Помощник умолк снова, однако Курт так и не произнес ни звука в ответ, оставшись сидеть по-прежнему неподвижно и все так же глядя в пол перед собою.

— А еще, — продолжил Бруно, так и не дождавшись отклика, — тебе страшно оттого, что уходит из жизни человек, а быть может, и уже ушел, который мог вправить твою вывихнутую душу одним движением, двумя словами. Что теперь рядом не будет того, кому можно было все это высказать, вывалить все накопившееся в душе, дабы оно, не дай Бог, в эту самую душу не впиталось, не прижилось, не проросло… Но знаешь, Курт, чувство — любое — это для человека нормально. Такое вот дело. Сомневаться, сопереживать, ценить людей и ощущать себя не в своей шкуре, когда что-то идет не так. И да, это непреложный факт: после его смерти ты останешься сам с собой наедине, сам будешь принимать решения, отчитываться будешь не передо мной или Висконти, а перед собою самим, сам себя будешь порицать или одобрять, сам будешь решать, что и насколько допустимо, и проживать все это тоже будешь сам. Я не могу вечно делать это за тебя. Чувствовать, Курт, — нормально. То, что сейчас тебе хреново, что в эту минуту ты сам себе готов в глотку вцепиться, что тебе не дает покоя все, что происходит, — нормально. А вот не нормально — то, что не ты все это мне говоришь, а я — тебе.

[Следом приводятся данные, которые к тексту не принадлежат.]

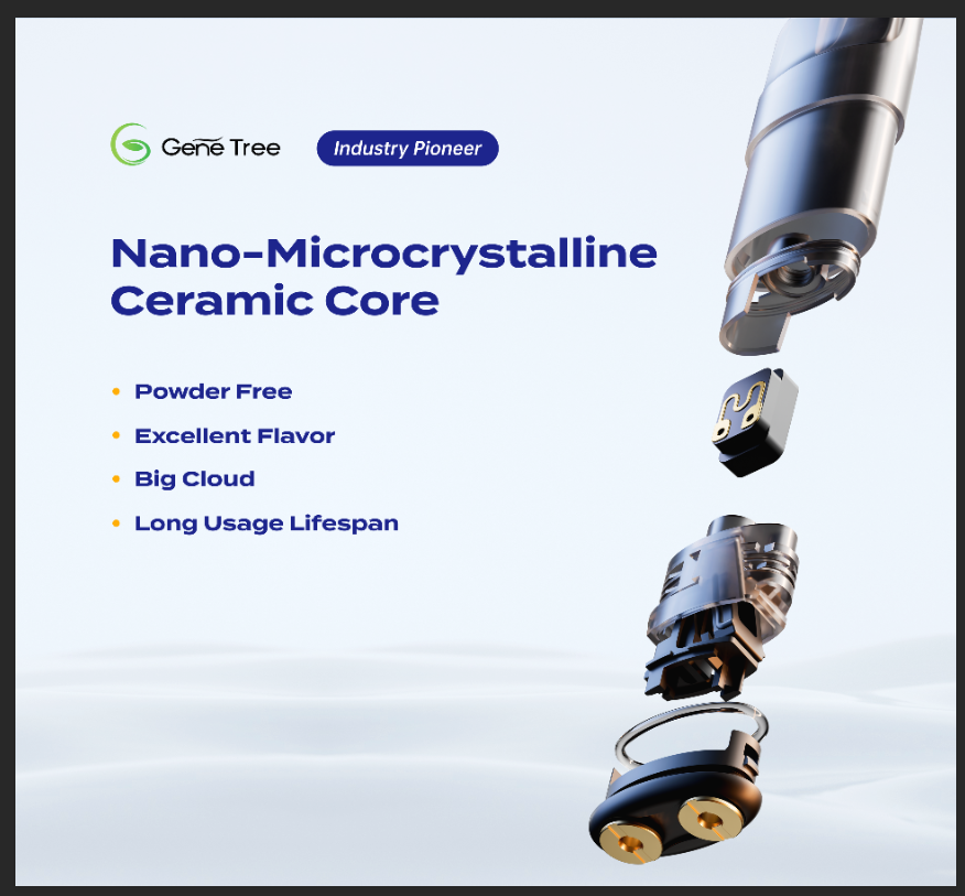 吉迩陶瓷雾化技术致力于成为雾化技术的引领者,通过纳米微晶材料与技术创新,为客户带来自然愉悦的雾化体验。吉迩纳米微晶陶瓷雾化技术从厚膜技术到薄膜技术、从线加热面加热到体加热,不断优化雾化芯数据模型,不断提升研发实力,解决行业雾化芯痛点。已推出Gene Tree厚膜技术,具备不掉粉不粘粉,产品更安心,雾化更充分,寿命更长久,还原度更高等5大技术优势。
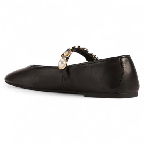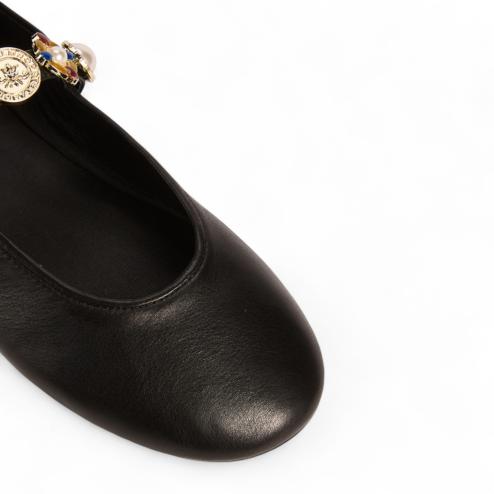 Round toe flat shoes in soft black leather, instep band with multicoloured and gold silver-coloured appliqués and adjustable buckle fastening, insole padded inside covered in leather, with non-slip rubber sole.
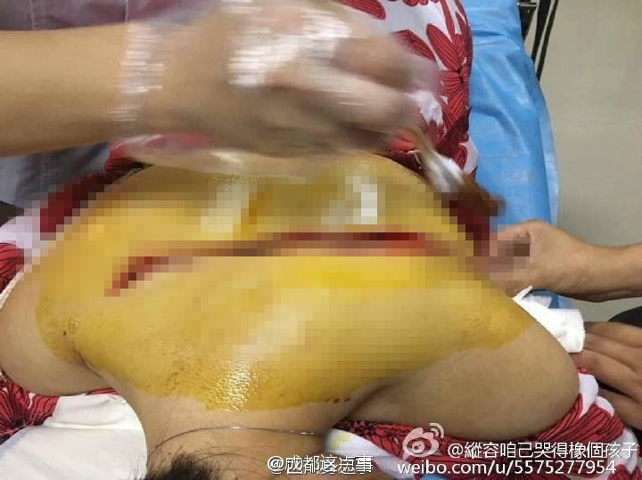 7月4日下午,有成都網(wǎng)友發(fā)微博稱,1日晚上9點(diǎn)過(guò),她同朋友經(jīng)過(guò)成都龍泉驛區(qū)航天北路美食街時(shí),被一名騎自行車的陌生男子劃傷背部,傷口長(zhǎng)度達(dá)32厘米,深度3公分左右。隨后,被人送往附近醫(yī)院治療。
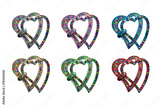 Brooch in the form of a double heart on a white background.Hearts of jewelry.A heart with diamonds.

— У тебя выходит лучше, — разомкнул наконец губы Курт, не поднимая головы, и Бруно вздохнул:

— И вот снова. Ты делаешь все, что угодно, — отшучиваешься, причем довольно неуклюже, молчишь, отгораживаешься от мира, а в итоге и от себя, — но не желаешь принять неизбежное.

— И что же неизбежно?

— Неизбежно то, — еще тише, но настоятельней произнес Бруно, — что тебе придется, наконец, остаться один на один с Тем, Чьим именем ты, вообще говоря, служишь. Я не буду вечно отмаливать твои грехи, не смогу вечно быть твоей пристяжной совестью. Не могу и дальше верить за тебя. И я не смогу, физически не смогу надзирать за тем, чтобы ты оставался человеком, а не доской с расчетами… — помощник умолк на мгновение и продолжил с расстановкой, четко произнося каждое слово: — «Я ведь тоже человек, я — не только должность, и у меня пока еще есть чувства, пока еще они не притупились, не умерли. Я не хочу раньше времени стать бездушным механизмом…» Напомни, чьи это были слова?

— Я говорил это потому, что это нужно было сказать, чтобы расположить парня к себе и припугнуть заодно.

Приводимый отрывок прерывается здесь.